Detailed cognitive function was evaluated using the Wechsler Adult Intelligence Scale-fourth edition (WAIS4) immediately before the start of the first rTMS session and immediately after the end of the tenth rTMS session. WAIS4 calculates the overall full-scale intelligence quotient (FSIQ) for cognitive function between the ages of 16 and 90 years based on the evaluation of the verbal comprehension index (VCI), perceptual reasoning index (PRI), working memory index (WMI), and processing speed index (PSI).9) Because testing took approximately 1–2 h to conduct and the cognitive load was high, subjects who wished to discontinue the testing were not forced to continue.
For consenting patients, cerebral blood flow was measured using N-isopropyl-p-[123I]iodoamphetamine (123I-IMP) SPECT within 1 month before the start of a series of rTMS interventions and within 1 month after the end of the intervention. For cerebral blood flow data of patients able to receive SPECT twice (before and after intervention), the blood flow deviation value (Z-score) with respect to the normal database of the same age group was calculated pixel by pixel based on the cerebellum using three-dimensional stereotactic surface projection (3D-SSP).10) A decreased image was constructed as a group by averaging between groups before and after rTMS.
Data AnalysisTo confirm the bias between all long COVID patients who visited our outpatient department for the purpose of treatment and the subjects of this analysis, the data for each were compared.
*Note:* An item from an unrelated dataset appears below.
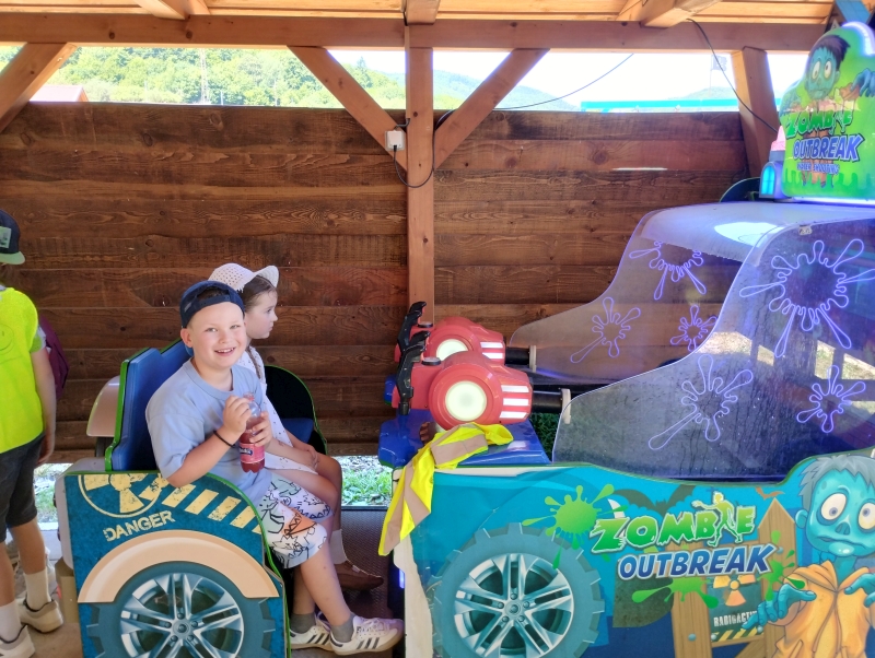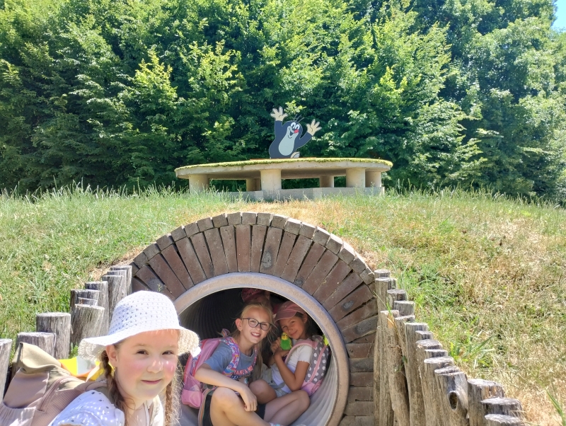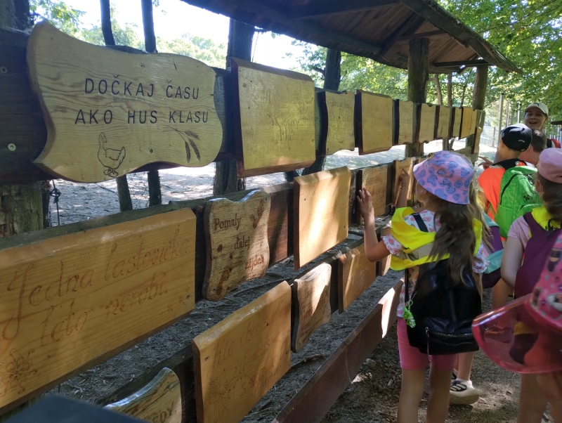 Štvrtý deň sa deti z ŠKD presunuli do Žarnovice. V Žarnovici nás čakala prehliadka Zveroparku. Náš výlet sme začali malých okruhom, hneď pri vstupe sa deti odvážili a tak zistili či vážia ako kozy kamerunské alebo ako medvedíky čistotné. Bolo to tak na polovicu. Presunuli sme sa krásnym prostredím okolo domácich zvierat, jazera, a našli sme bludisko. Ďalej sme sa presunuli na rozprávkovú cestu, našli krtkov domček, a kopec iných rozprávkových bytostí. Na záver sme vyšli strmým chodníčkom ku skákacím hradom. Slniečko riadne pálilo, ale to nás neodradilo sa poriadne vyšantiť, zaskákať si a poriadne si užiť dnešný deň.

The categorical data, such as the male/female ratio, the presence or absence of hospitalization in the acute phase of SARS-CoV-2 infection, and the presence or absence of intensive care unit management, were analyzed using the chi-square test. The continuous data such as age and duration of illness were analyzed using the unpaired t-test.
Bonferroni multiple comparisons were conducted after performing the Friedman test to see if there was a difference in the transition of the evaluation points of BFI and AS between the three phases [immediately before the start of the first rTMS (Pre), immediately after the end of the first rTMS (immediately after: IA), and immediately after the end of the tenth rTMS (Post)]. For each IQ component of WAIS4, the Wilcoxon signed-rank test verified whether there was a difference between the two phases (Pre and Post). JMP-16 (SAS Institute, Cary, NC, USA) was used for statistical analysis, and P < 0.05 was considered statistically significant.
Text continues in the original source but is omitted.